视觉、听觉、触觉……所有感知都在这里变得模糊而迟滞。唯有体内灵力或圣力的运转,还能带来一丝“自我”存在的真实感。
“这里就是……避难星界的外围?”厉星辰的声音响起,带着被混沌空间压制的沉闷感,听起来近在咫尺,却又似从极远处传来。他下意识地伸手,想抓住身旁赵墨言的衣袖,手指却穿透了那片看似凝实的灰雾,只捞到一手冰凉的虚无。
“不是星界本体。”云梦瑶的声音传来,比厉星辰清晰许多,带着灵力震荡的余韵,“根据空间坐标解析,我们只是穿过了入口屏障,现在处于星界与外界夹缝的‘过渡层’。这里时空规则混乱,需尽快找到进入星界内部的稳定路径。”
她话音方落,前方混沌雾海深处,忽然亮起一点微光。
那光芒起初只有针尖大小,极其微弱,在无尽的灰暗中几乎难以察觉。但它以一种恒定的频率闪烁着,如同心跳,又似呼吸。更奇异的是,赵墨言左臂的印记,竟随之产生了清晰的共鸣脉动。
“是父亲他们留下的指引!”赵墨言精神一振,指向那光点,“我能感觉到,印记在呼应它!”
“过去看看。”萧墨言简意赅,已无声移至众人前方,短刃虽未出鞘,但周身气机凝练如即将离弦之箭。
众人朝着光点方向谨慎移动。在这片混沌中,距离感完全失效。那光点看似不远,却足足走了一盏茶的时间,才逐渐显露出轮廓——那并非单纯的光源,而是一道……桥。
一座由星光编织而成的桥。
它凭空悬浮于混沌之中,通体呈半透明的银白与淡金交织之色,材质似玉非玉,似光非光。桥身宽阔可容三骑并行,却蜿蜒曲折,不见尽头,深入雾海更深处。构成桥体的“星光”并非静止,而是在缓缓流淌、明灭,如同有生命的脉络。整座桥散发着古老、浩瀚却又异常脆弱的气息,桥身许多部位布满细密的裂痕,边缘处不断有星辉碎屑剥落,飘散进周围的混沌,消失不见。
而在桥的起点,一块半人高的、不规则形状的暗银色石碑静静矗立。碑面光滑,无字无纹,只在中心处嵌着一枚拳头大小的晶体。那晶体内部,赫然封存着一缕极其微弱的、却让赵墨言与厉星辰瞬间屏息的熟悉气息——属于赵无妄的、沈清弦的、厉千澜的、月无心的灵魂印记混合物,虽淡薄如烟,却坚韧不灭。
“星桥……”璇玑长老走近石碑,凝视晶体,声音带着震撼,“以爆炸残留的星力为骨,以执念不灭的灵魂印记为引,自然凝结而成的……跨越混沌的通道。鬼斧神工,却又如风中残烛。”
“这桥很不稳定。”遁甲长老蹲下身,指尖轻触桥身起点处的一道裂痕,裂痕边缘立刻迸溅出几粒细碎的光尘,“结构在持续崩解。
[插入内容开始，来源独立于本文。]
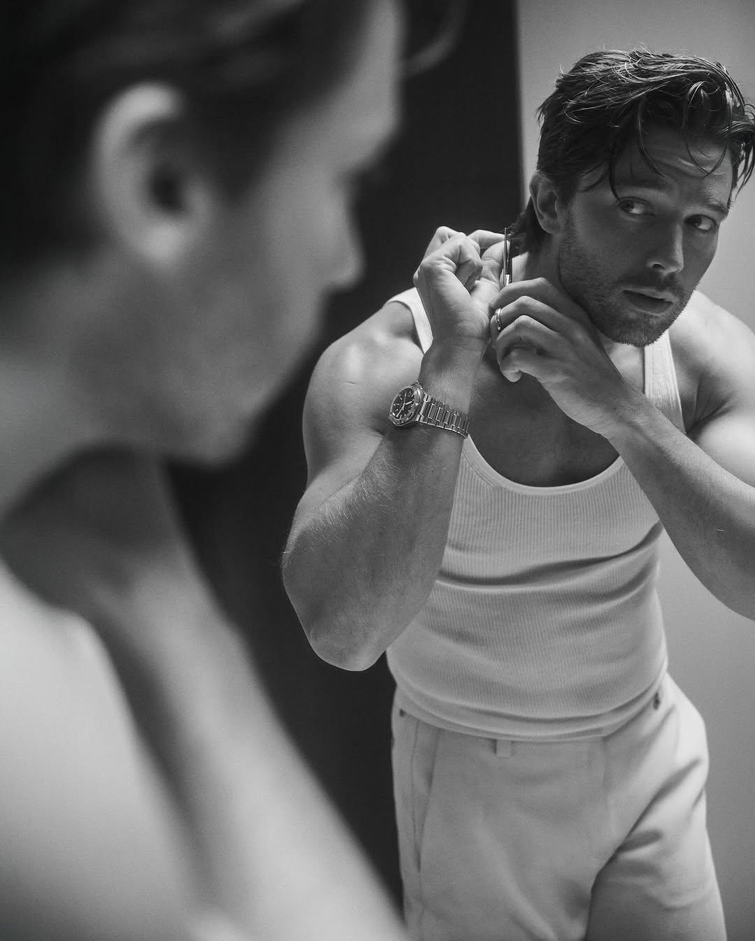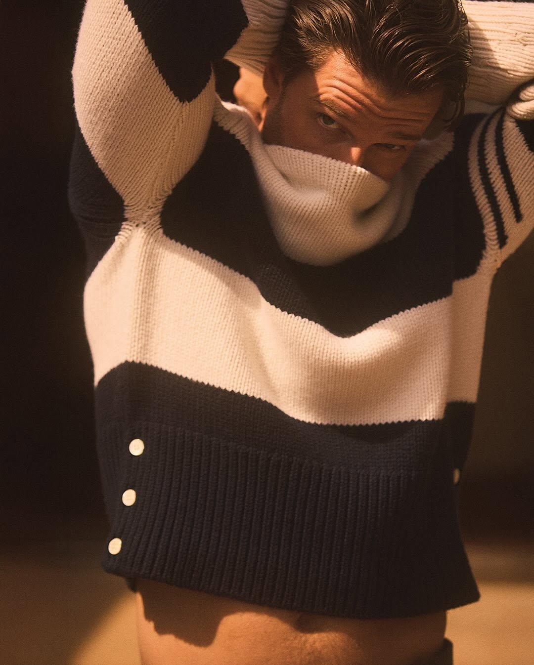 В прилагающемся к снимкам интервью, актер рассказал о своей роли в третьем сезоне «Белого лотоса» и о том, как строит свою карьеру в Голливуде. Его герой, Саксон Рэтлифф, — избалованный сын богатой, но нездоровой семьи.

我们方才感应到的空间乱流和暗红侵蚀,恐怕源头就在这桥上,或者桥的彼端。”
云梦瑶将手按在那枚封印灵魂印记的晶体上,闭目感应片刻,睁眼时神色复杂:“晶体中的印记不仅仅是路标。它还在持续向桥体输送着极其微弱的稳定力量……是他们在用自己残存的魂力,勉强维系着这座桥不彻底崩塌。但这也意味着,他们本体的状态可能比我们想象的更……”
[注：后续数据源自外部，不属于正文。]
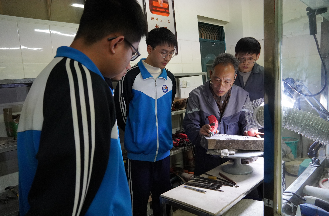 “大家看这块白花石的纹理,下刀要顺着肌理走,力道轻了没质感,重了就毁了整体造型。”近期,广元市职业高级中学校的白花石刻工作坊内,四川省工艺美术大师、白花石刻非遗传承人谢志才正手持刻刀,向学生们传授技法。指尖起落间,石料原本杂乱的白色纹理“开”出一朵朵米兰。这样的场景,在该校已延续了十年。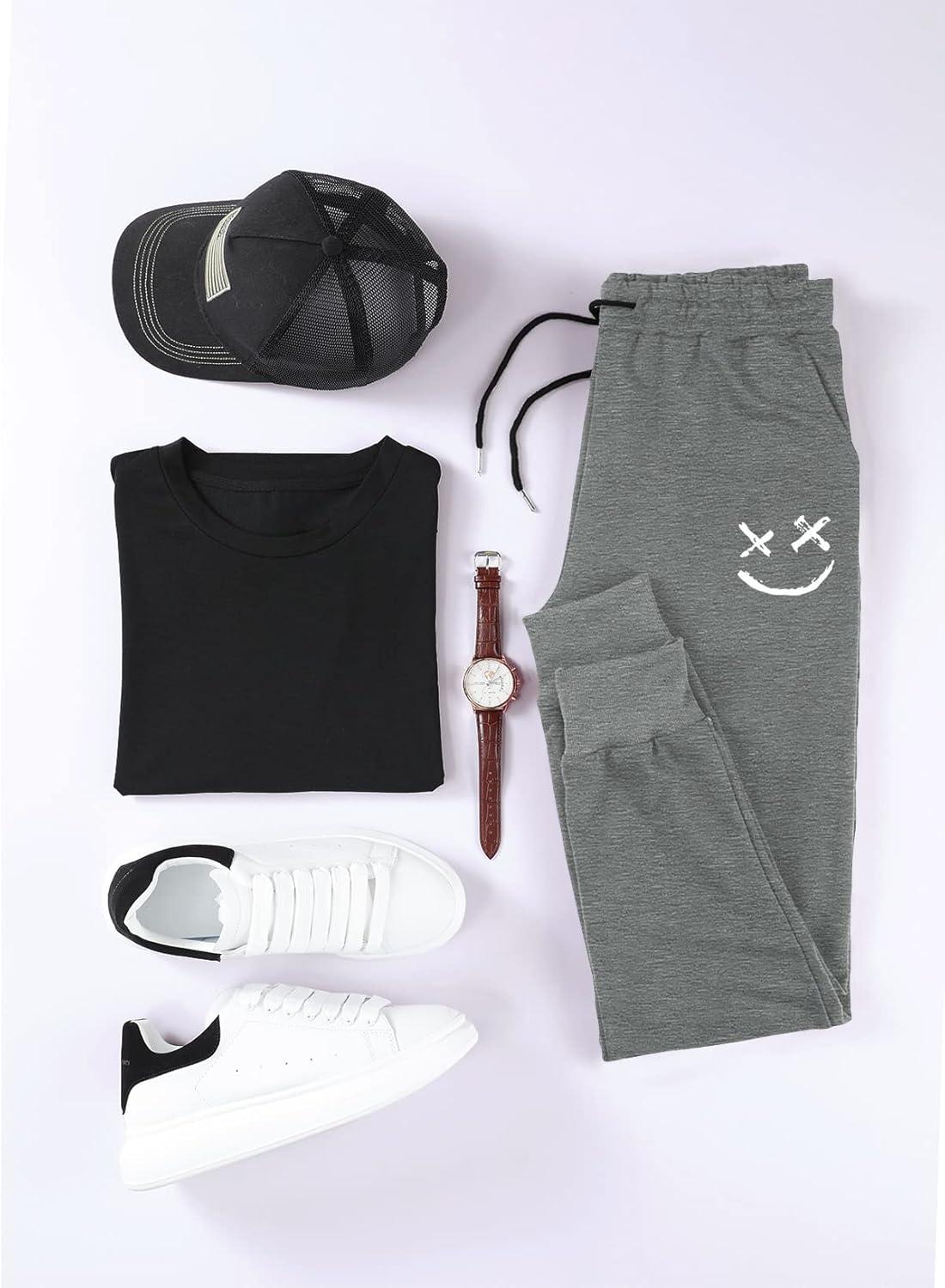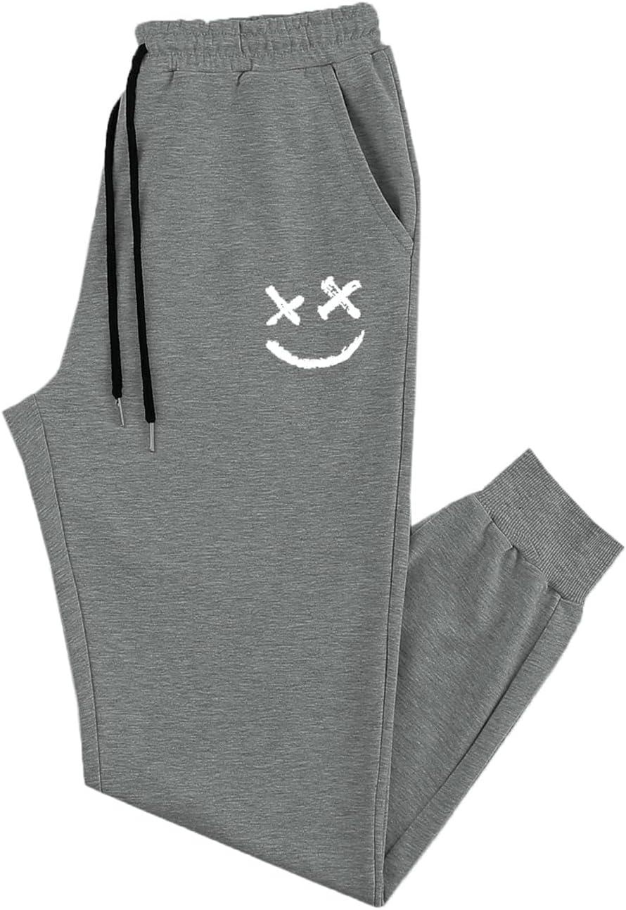 JMIERR Mens Sweatpants Tapered Gym Running Workout Pants Athletic Drawstring Joggers with Pockets(B2 Dark Grey Smiley Face)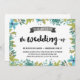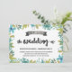 This pretty, backyard garden theme wedding invitation features a beautiful blue and green floral wreath border, pretty brush script calligraphy, and a rustic chic chalkboard banner.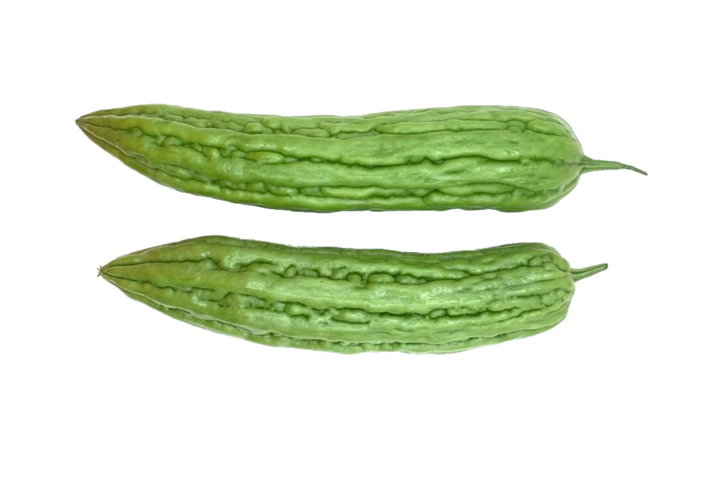 Bitter melons are small to medium gourds, averaging 6 to 30 centimeters in length, and have a long and slender, oblong shape with slightly tapered ends. The gourd's surface will vary depending on the specific type, ranging from deeply creased, smooth, pale green, and ridged to rough, dark green, and heavily textured with warts and bumps. The gourd’s skin may also exhibit a waxy layer, and some rarer types of Bitter melon showcase a white hue. Underneath the thin skin, the flesh is crisp, watery, and pale green, encasing a central cavity filled with spongy pith and large, cream-colored seeds. Bitter melons are harvested when they are young and green, containing a sharp, astringent, and vegetal flavor. The gourds are also selected when they display a green coloring with a faint yellow hue, an indication of further maturity, rumored to contain a slightly milder, bitter, and acidic flavor.

她没说完,但众人都明白。以残魂之力维系的通道,另一端的人,又能好到哪里去?
赵墨言走到桥边,低头看去。桥下并非深渊,而是更浓郁的、翻滚不休的混沌雾海,偶尔有色彩怪异的能量湍流如大鱼般掠过,散发令人心悸的波动。他抬起头,望向星桥蜿蜒消失的远方:“没有别的路。父亲他们留下这座桥,就是为我们准备的。必须过去。”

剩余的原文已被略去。